Problem requirements |
Give again, word for word, every line in the entries below from the line with "Podinsp. Marceli Abratkiewicz, dowódca" up to and including the line with "بلوزات و كبار", and no other line.

Data for processing |
---

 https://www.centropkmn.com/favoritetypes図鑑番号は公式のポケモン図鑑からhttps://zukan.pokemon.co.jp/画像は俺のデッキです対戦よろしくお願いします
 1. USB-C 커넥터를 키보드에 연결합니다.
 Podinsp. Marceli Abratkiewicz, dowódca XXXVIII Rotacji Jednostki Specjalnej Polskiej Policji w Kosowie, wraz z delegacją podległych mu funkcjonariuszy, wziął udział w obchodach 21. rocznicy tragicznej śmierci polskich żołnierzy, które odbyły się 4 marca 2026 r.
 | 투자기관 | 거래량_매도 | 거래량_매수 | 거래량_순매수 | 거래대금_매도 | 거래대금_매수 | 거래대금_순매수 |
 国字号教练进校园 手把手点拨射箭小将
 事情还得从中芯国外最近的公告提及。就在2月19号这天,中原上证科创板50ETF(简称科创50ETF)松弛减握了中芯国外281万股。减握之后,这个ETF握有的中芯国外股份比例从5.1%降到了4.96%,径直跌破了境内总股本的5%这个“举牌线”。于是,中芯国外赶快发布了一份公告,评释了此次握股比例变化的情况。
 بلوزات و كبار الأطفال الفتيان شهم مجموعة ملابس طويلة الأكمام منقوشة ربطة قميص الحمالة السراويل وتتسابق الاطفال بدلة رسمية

---

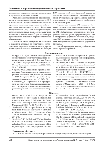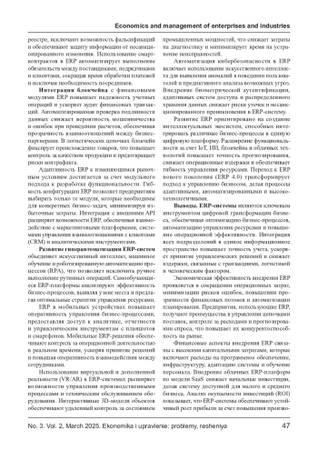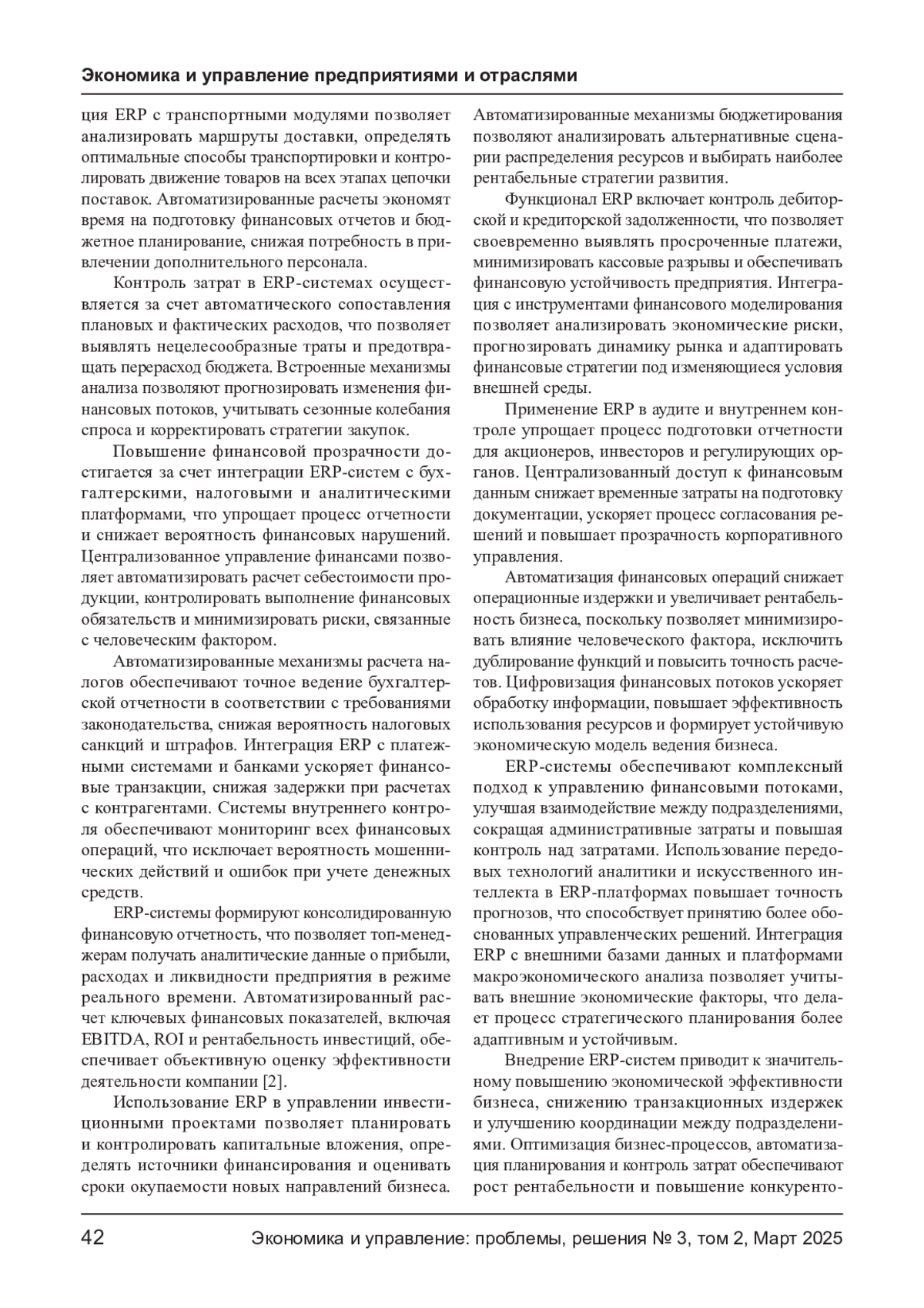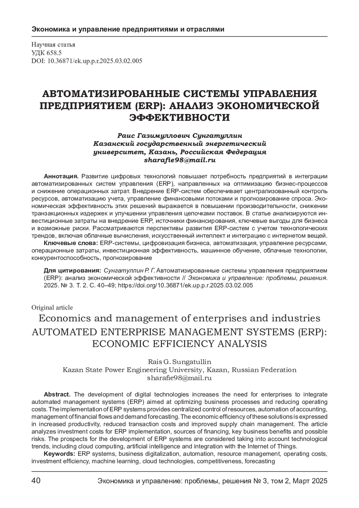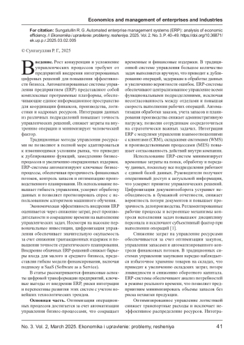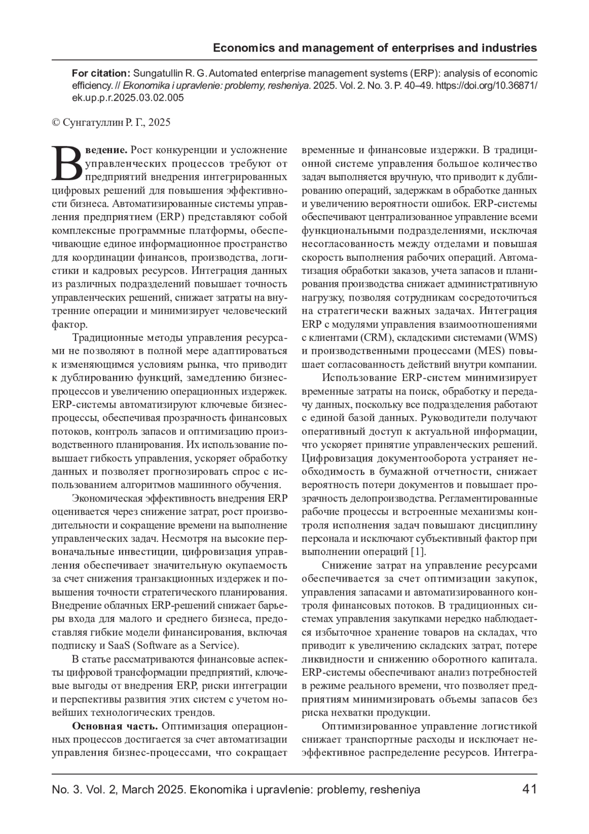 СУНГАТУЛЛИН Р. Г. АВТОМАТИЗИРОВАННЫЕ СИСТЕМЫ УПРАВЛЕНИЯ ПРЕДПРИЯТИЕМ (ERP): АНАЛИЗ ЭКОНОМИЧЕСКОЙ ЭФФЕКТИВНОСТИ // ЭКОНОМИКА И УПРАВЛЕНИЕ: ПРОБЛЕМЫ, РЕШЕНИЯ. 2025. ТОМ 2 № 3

---

Answer area |
 Podinsp. Marceli Abratkiewicz, dowódca XXXVIII Rotacji Jednostki Specjalnej Polskiej Policji w Kosowie, wraz z delegacją podległych mu funkcjonariuszy, wziął udział w obchodach 21. rocznicy tragicznej śmierci polskich żołnierzy, które odbyły się 4 marca 2026 r.
 | 투자기관 | 거래량_매도 | 거래량_매수 | 거래량_순매수 | 거래대금_매도 | 거래대금_매수 | 거래대금_순매수 |
 国字号教练进校园 手把手点拨射箭小将
 事情还得从中芯国外最近的公告提及。就在2月19号这天,中原上证科创板50ETF(简称科创50ETF)松弛减握了中芯国外281万股。减握之后,这个ETF握有的中芯国外股份比例从5.1%降到了4.96%,径直跌破了境内总股本的5%这个“举牌线”。于是,中芯国外赶快发布了一份公告,评释了此次握股比例变化的情况。
 بلوزات و كبار الأطفال الفتيان شهم مجموعة ملابس طويلة الأكمام منقوشة ربطة قميص الحمالة السراويل وتتسابق الاطفال بدلة رسمية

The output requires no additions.